Former senator Heidi Heitkamp, ​​D-N.D., A white moderate who lost his candidacy for re-election in 2018, said that “funding the police” is “a horrible name” that misinterprets the goal.

“By starting with the word ‘smash’, you left the impression that you are doing something much more radical than what needs to be done,” said Heitkamp, ​​a leader of the One Country Project, who is trying to help Democrats connect better with rural voters.

She said the term frustrated her “there is going to be someone who will try to find an opportunity in this area, especially among the Republican Party, and use it now as an excuse for not addressing what is a very real problem in America. ”

This is largely what happened when the Trump campaign and the Republicans in Congress sought to link the Democrats to the fundraising effort.

“This year has seen the lowest number of crimes in the history of our country, and now the Democrats of the radical left want to fund and abandon our police,” Trump said on social media. “Sorry, I want LAW AND ORDER! ”

The GOP campaign arm sent emails condemning “police funding” and linking it to Democratic candidates.

The Capitol Hill Democrats unveiled a vast proposal on Monday to tackle police brutality that did not include withdrawing police funding. The Police Justice Act would limit legal protections for the police, create a national database of incidents of excessive force, and prohibit strangulation, among other changes.

Representative Greg Meeks, a member of the Congressional Black Caucus and a group of moderate House Democrats called the New Democrat Coalition, said that Trump’s tweets accusing Democrats of trying to kill the police are a distraction.
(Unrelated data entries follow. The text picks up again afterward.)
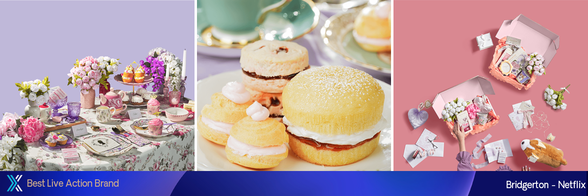 A Netflix e a Shondaland lançaram parcerias de estilo de vida para permitir que os fãs “Viva como um Bridgerton” desde dezembro de 2023. Essas colaborações permitem que os fãs se entreguem ao romance de Bridgerton diariamente, oferecendo produtos como pijamas de seda, itens essenciais para o banho com aroma de rosas e muito mais. Com mais de 35 parceiros, as coleções abrangem beleza, moda, gastronomia, fragrâncias, decoração para casa e muito mais, com o objetivo de transportar os fãs para um mundo moderno da Regência. A iniciativa incluiu ativações de fãs, acrobacias e pop-ups em vários países ao longo de oito meses, colaborações com membros do elenco e uma série de conteúdo digital que gerou mais de 87.000 cliques no varejo. A campanha destacou a terceira temporada, com várias coleções superando as projeções de vendas. Notavelmente, a Lush teve um aumento de 25% no número de assinantes e a postagem da coleção da Primark ganhou 21,3 milhões de visualizações no TikTok. A iniciativa recebeu aclamação da indústria, incluindo um Grand Clio Award em 2024.
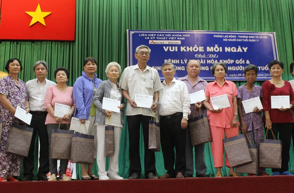 Ngày 8-10, báo Khoa học và Đời sống phối hợp với Phòng LĐ-TB&XH, Hội Người cao tuổi quận 11 (TP.HCM) tổ chức chương trình Vui khỏe mỗi ngày với chủ đề “Bệnh lý thoái hóa khớp gối - ký sinh trùng (KST) thường gặp ở người cao tuổi”. Chương trình có sự tham gia của 450 hội viên Hội Người cao tuổi của quận.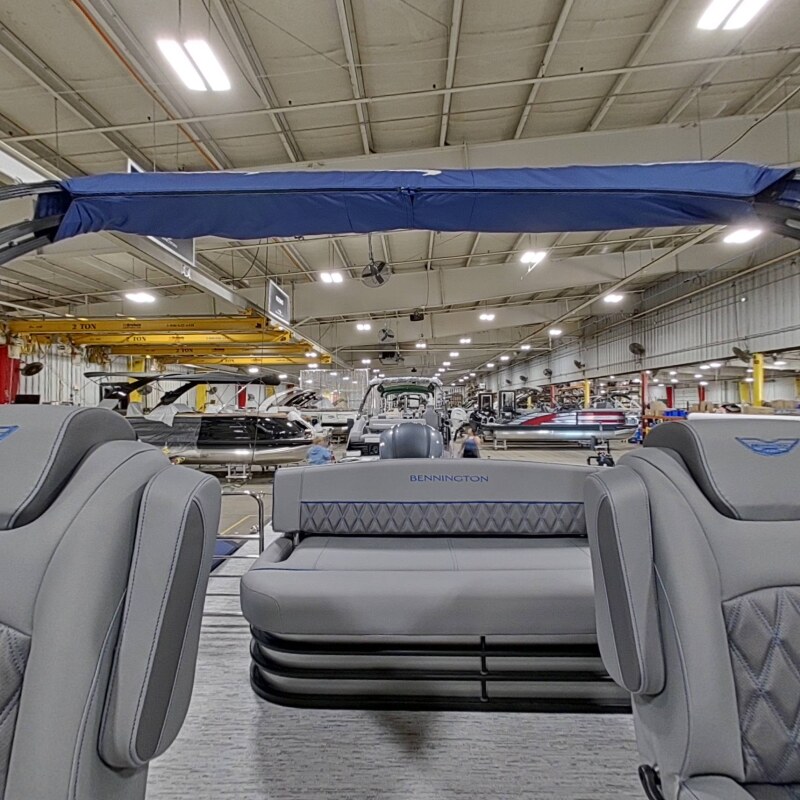 Stand out with style and sophistication. Bennington's custom winged logos and embroidery add a unique and premium touch to your boat, exuding luxury on the water.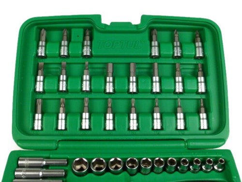 Chiave a tubo (Casella a cricchetto) -TOPTUL 1/4"- 4mm-13mm + Bits - 46 pezzi
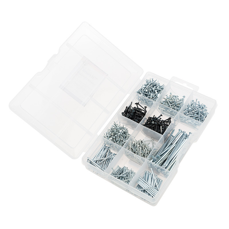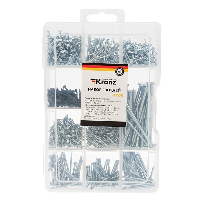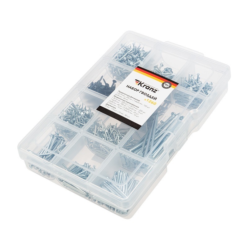 Набор финишных оцинкованных гвоздей Kranz диаметром 1.3-3.4 мм в кейсе, 1260 шт

“It looks like the guy who’s the 45th president is trying to divert attention from the real issue, the brutality and the murder of George Floyd,” said Meeks, who represents New York. “And we’re not going to allow them to do that. ”

Democrat representative Matt Cartwright, who is white and represents a Trump-leaning neighborhood in northeastern Pennsylvania, has rejected calls to fund the police.

“I don’t care about his name, I’m not for that,” he said, noting that he had joined the protest marches in his neighborhood.